My favorite books of 2021

This was a competitive year, because The Sovereign Individual and The Revolt of the Public were absolutely going to take two slots, leaving room for only one more. So I cheated a little and added a runners-up list.

  1. The Sovereign Individual: Mastering the Transition to the Information Age.There is so much packed into this book, a far-ranging history of the world up to the present and into the future. Its central thesis is the creation of sovereign individuals in a world where nation-states have lost power. This is a profoundly powerful filter, and the thoughts in this book clearly influenced deep thinkers like Balajis Srinivasan.
  2. The Revolt of the Public and the Crisis of Authority.
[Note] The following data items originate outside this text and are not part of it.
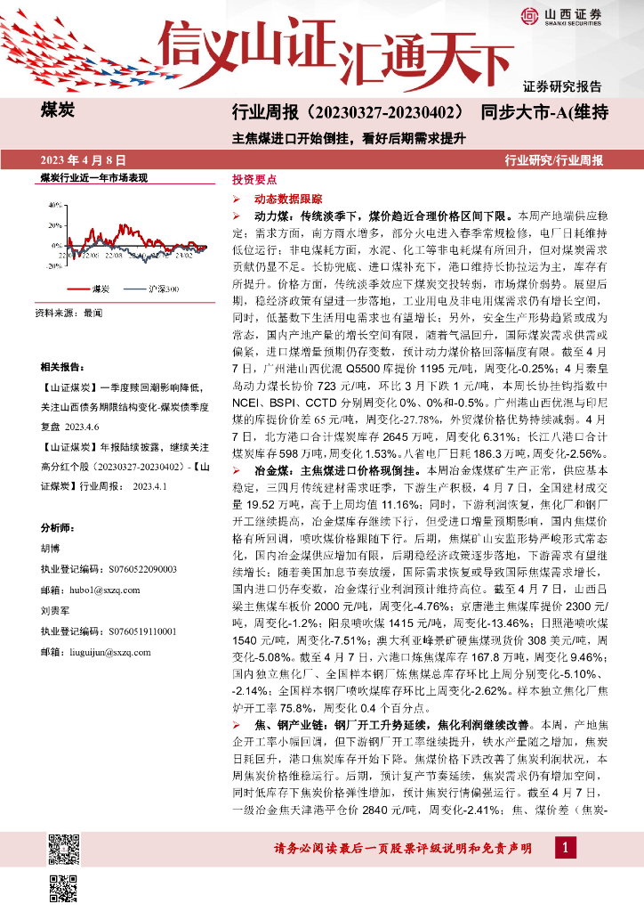 山西证券:煤炭行业周报:主焦煤进口开始倒挂,看好后期需求提升.pdf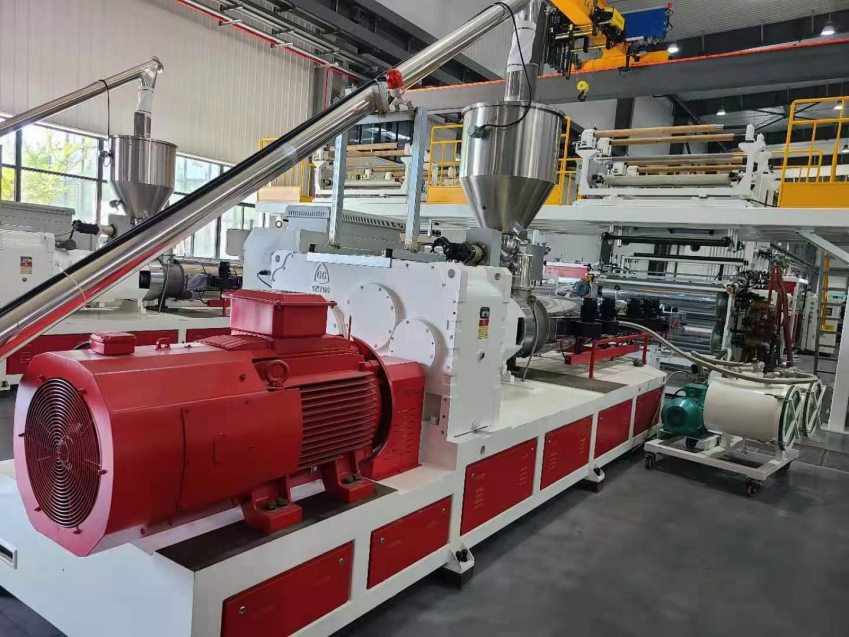(使车间无灰尘)、再自动上料到螺杆挤出机、由大板模具结构出料进行五辊定型模定型排辊托架冷却装置、裁边装置、牵引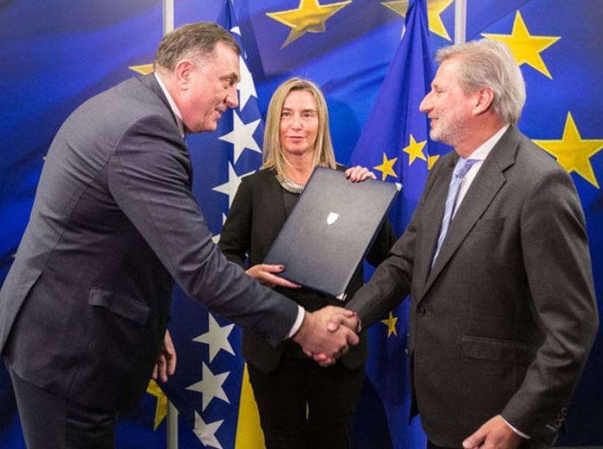Predsjedavajući Predsjedništva Bosne i Hercegovine Milorad Dodik uručio je danas komesaru za evropsku susjedsku politiku i pregovore o proširenju Johannesu Hahnu odgovore BiH na dodatna pitanja iz Upitnika Evropske komisije.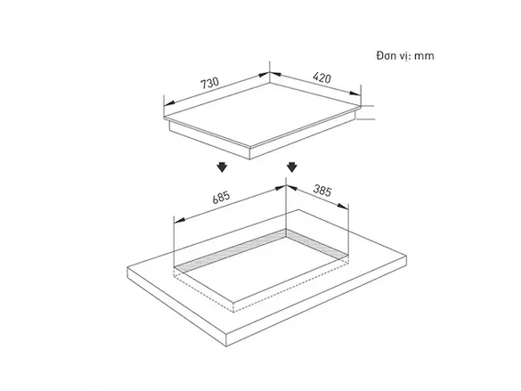 | Kích thước khoét đá | 685R x 385S mm |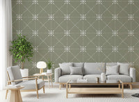 Introduce a touch of serene elegance to your living space with 'Sashiko Hana-Goshi'. Inspired by the traditional Japanese embroidery technique, this pattern features delicate, stylized flower motifs intricately woven into a subtle latticed grid. The soft sage background provides a calming backdrop, allowing the off-white, stitched-like details to gently come to life. The design evokes a sense of handcrafted beauty and mindful simplicity, perfect for creating a tranquil and inviting atmosphere in any room. Add a unique touch of artistry and transform your walls into a haven of understated charm with this piece, where cultural heritage meets contemporary style.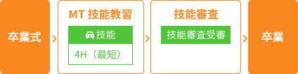 • ※技能時限は最短時限を示しており、この時限を超える場合及び検定不合格の場合は別途延長教習(補習)料金がかかります。

Its central theme is that when governments lose control over the means of communication, it produces big changes – and that is where we are now. Predicts the effects this will have on society and future tension between the State and the Network.
  3. Atomic Habits. This one receives a lot of coverage, for good reason. It is a how-to manual on how to code your thoughts. There are other books written on habits, but this is the best one I’ve read.


  1. You and Your Research. This essay by Richard Hamming is probably the best overall writing on a successful career I’ve read. I sincerely wish I read this when I was younger.
  2. King, Warrior, Magician, Lover: Rediscovering the Archetypes of the Mature Masculine. Related, actually to Unknown Armies below. This book sent me on a search into Jungian archetypes, and helped me understand the concept of shadow energy, itself a very powerful filter for understanding behavior.
  3. Unknown Armies: A Roleplaying Game of Power and Consequence (2nd edition) Probably the most paranoid RPG I’ve ever read, certainly the only RPG that ever challenged me to think about the world differently. The entire magic system, premised on fulfilling Jungian archetypes, is reason enough alone to read.